» **Task goal**:
Each line below from the "This contemporary lake" line through the "2、打开您需要进行处理的ex" line, those two included, must be restated word for word; the pictures must not be.

---------- Data listing ----------

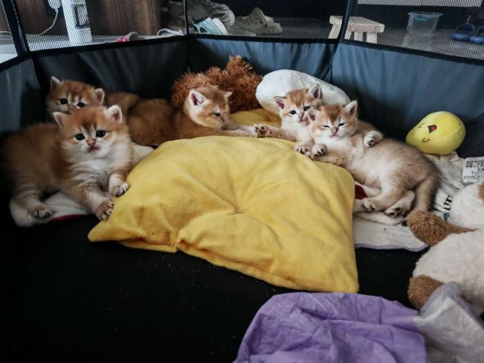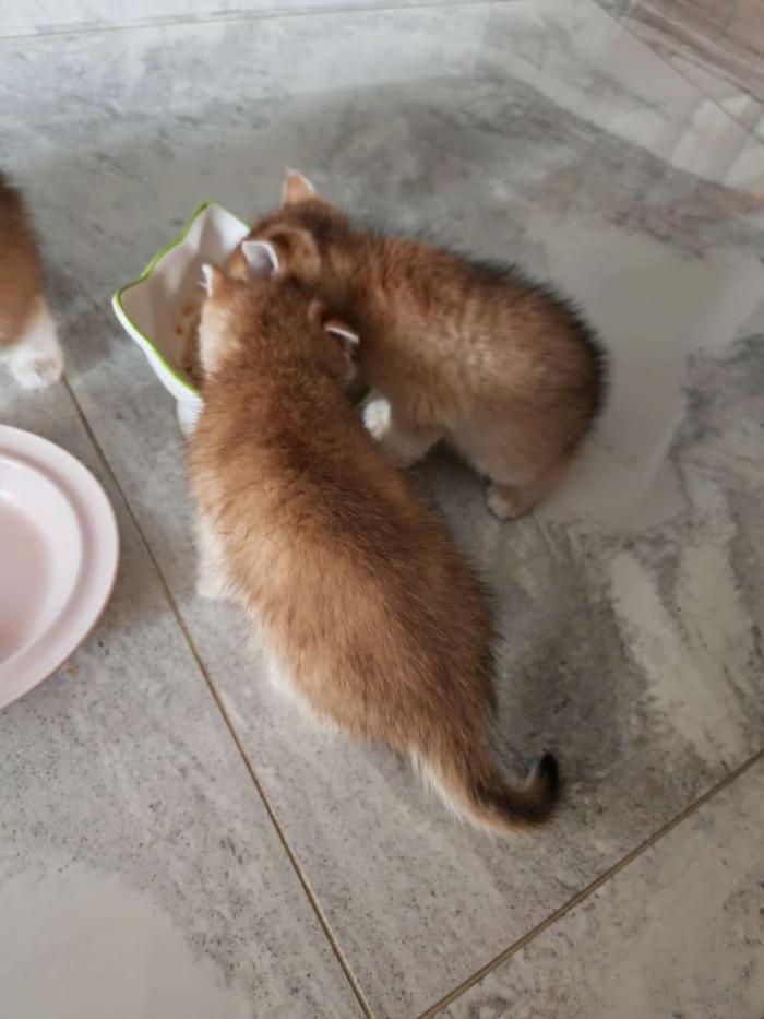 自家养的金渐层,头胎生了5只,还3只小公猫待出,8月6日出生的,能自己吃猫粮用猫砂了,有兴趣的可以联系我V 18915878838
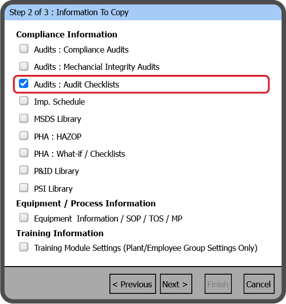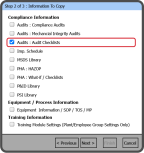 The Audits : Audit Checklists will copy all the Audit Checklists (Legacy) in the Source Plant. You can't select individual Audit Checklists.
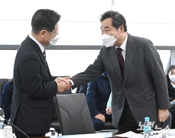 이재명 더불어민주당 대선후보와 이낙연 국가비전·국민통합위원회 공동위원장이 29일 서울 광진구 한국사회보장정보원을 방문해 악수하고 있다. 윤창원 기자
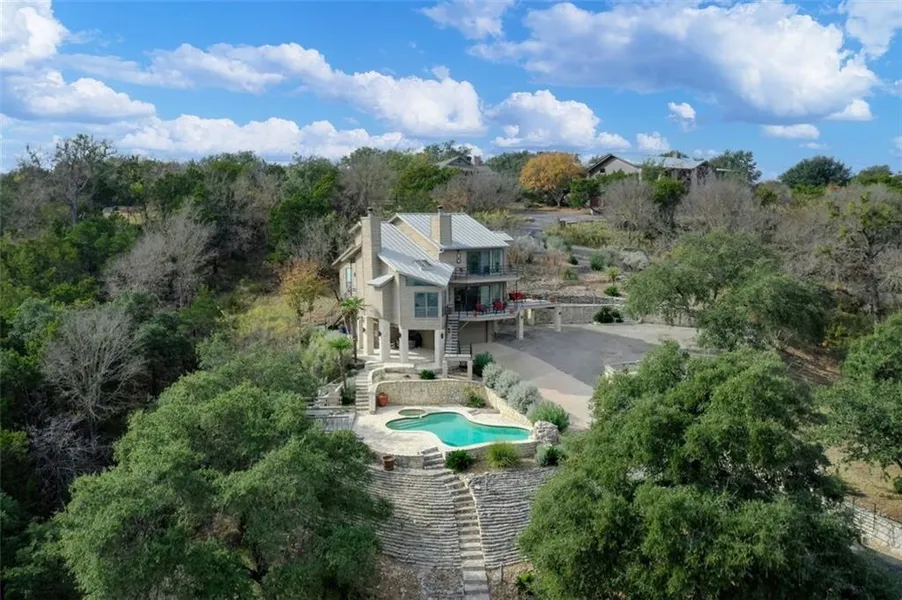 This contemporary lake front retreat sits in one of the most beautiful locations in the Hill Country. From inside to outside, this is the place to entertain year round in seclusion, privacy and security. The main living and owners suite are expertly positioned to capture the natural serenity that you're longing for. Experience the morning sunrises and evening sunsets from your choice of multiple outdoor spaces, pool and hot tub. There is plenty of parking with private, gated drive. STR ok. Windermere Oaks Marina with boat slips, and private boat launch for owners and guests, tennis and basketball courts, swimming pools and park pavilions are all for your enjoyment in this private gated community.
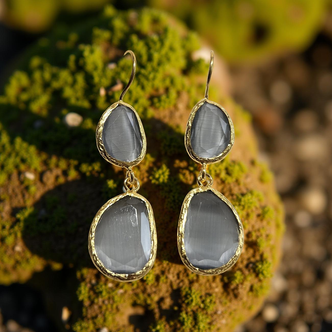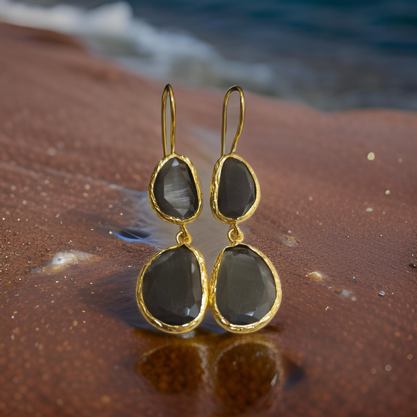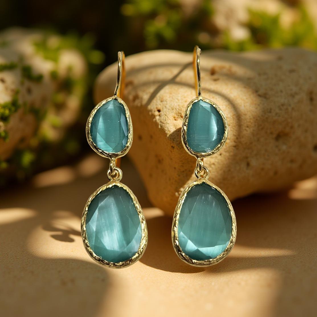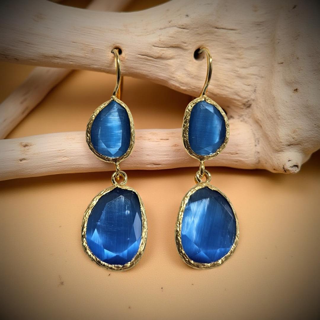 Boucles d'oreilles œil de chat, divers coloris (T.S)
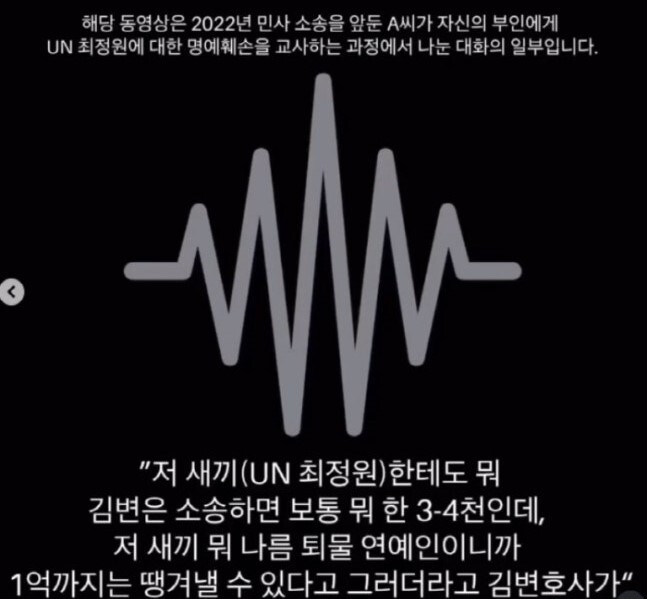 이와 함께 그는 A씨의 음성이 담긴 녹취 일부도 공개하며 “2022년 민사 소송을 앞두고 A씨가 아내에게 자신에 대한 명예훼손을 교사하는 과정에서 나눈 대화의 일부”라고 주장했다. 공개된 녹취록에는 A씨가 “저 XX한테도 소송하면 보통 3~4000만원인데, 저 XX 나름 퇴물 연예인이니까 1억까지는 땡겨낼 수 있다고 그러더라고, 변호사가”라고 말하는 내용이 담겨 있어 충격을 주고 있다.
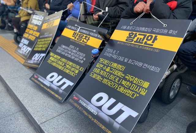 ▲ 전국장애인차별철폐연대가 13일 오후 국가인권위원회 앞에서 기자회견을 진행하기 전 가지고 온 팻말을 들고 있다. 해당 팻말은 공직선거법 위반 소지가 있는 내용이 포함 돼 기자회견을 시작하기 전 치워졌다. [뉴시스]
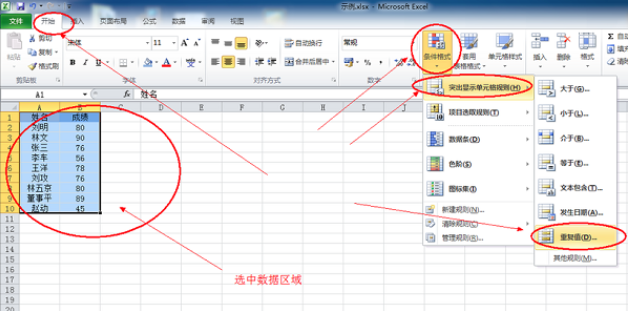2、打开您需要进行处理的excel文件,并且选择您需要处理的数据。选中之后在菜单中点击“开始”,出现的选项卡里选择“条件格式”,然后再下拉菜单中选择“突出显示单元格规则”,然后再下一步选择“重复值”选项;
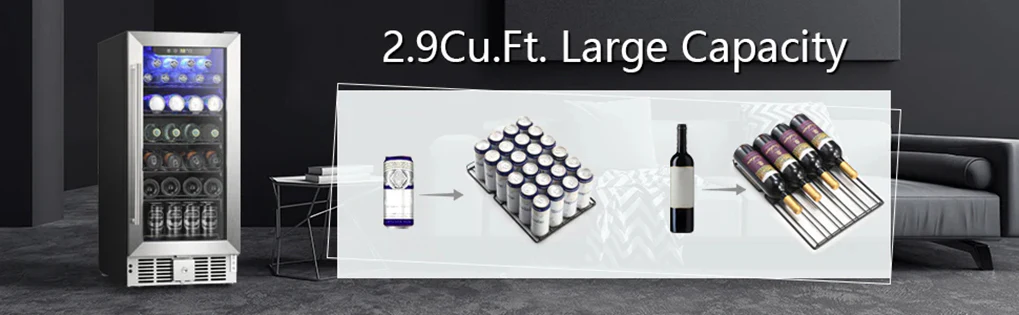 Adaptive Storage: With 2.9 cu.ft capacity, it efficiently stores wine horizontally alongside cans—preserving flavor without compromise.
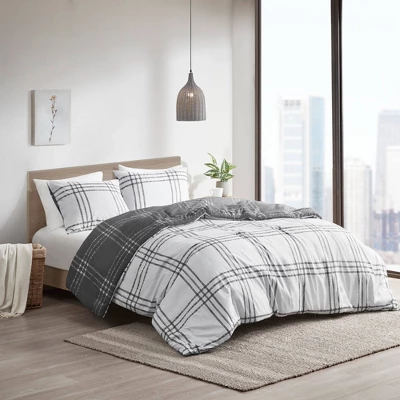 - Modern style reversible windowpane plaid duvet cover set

----------

» **Worked solution**:
 This contemporary lake front retreat sits in one of the most beautiful locations in the Hill Country. From inside to outside, this is the place to entertain year round in seclusion, privacy and security. The main living and owners suite are expertly positioned to capture the natural serenity that you're longing for. Experience the morning sunrises and evening sunsets from your choice of multiple outdoor spaces, pool and hot tub. There is plenty of parking with private, gated drive. STR ok. Windermere Oaks Marina with boat slips, and private boat launch for owners and guests, tennis and basketball courts, swimming pools and park pavilions are all for your enjoyment in this private gated community.
 Boucles d'oreilles œil de chat, divers coloris (T.S)
 이와 함께 그는 A씨의 음성이 담긴 녹취 일부도 공개하며 “2022년 민사 소송을 앞두고 A씨가 아내에게 자신에 대한 명예훼손을 교사하는 과정에서 나눈 대화의 일부”라고 주장했다. 공개된 녹취록에는 A씨가 “저 XX한테도 소송하면 보통 3~4000만원인데, 저 XX 나름 퇴물 연예인이니까 1억까지는 땡겨낼 수 있다고 그러더라고, 변호사가”라고 말하는 내용이 담겨 있어 충격을 주고 있다.
 ▲ 전국장애인차별철폐연대가 13일 오후 국가인권위원회 앞에서 기자회견을 진행하기 전 가지고 온 팻말을 들고 있다. 해당 팻말은 공직선거법 위반 소지가 있는 내용이 포함 돼 기자회견을 시작하기 전 치워졌다. [뉴시스]
2、打开您需要进行处理的excel文件,并且选择您需要处理的数据。选中之后在菜单中点击“开始”,出现的选项卡里选择“条件格式”,然后再下拉菜单中选择“突出显示单元格规则”,然后再下一步选择“重复值”选项;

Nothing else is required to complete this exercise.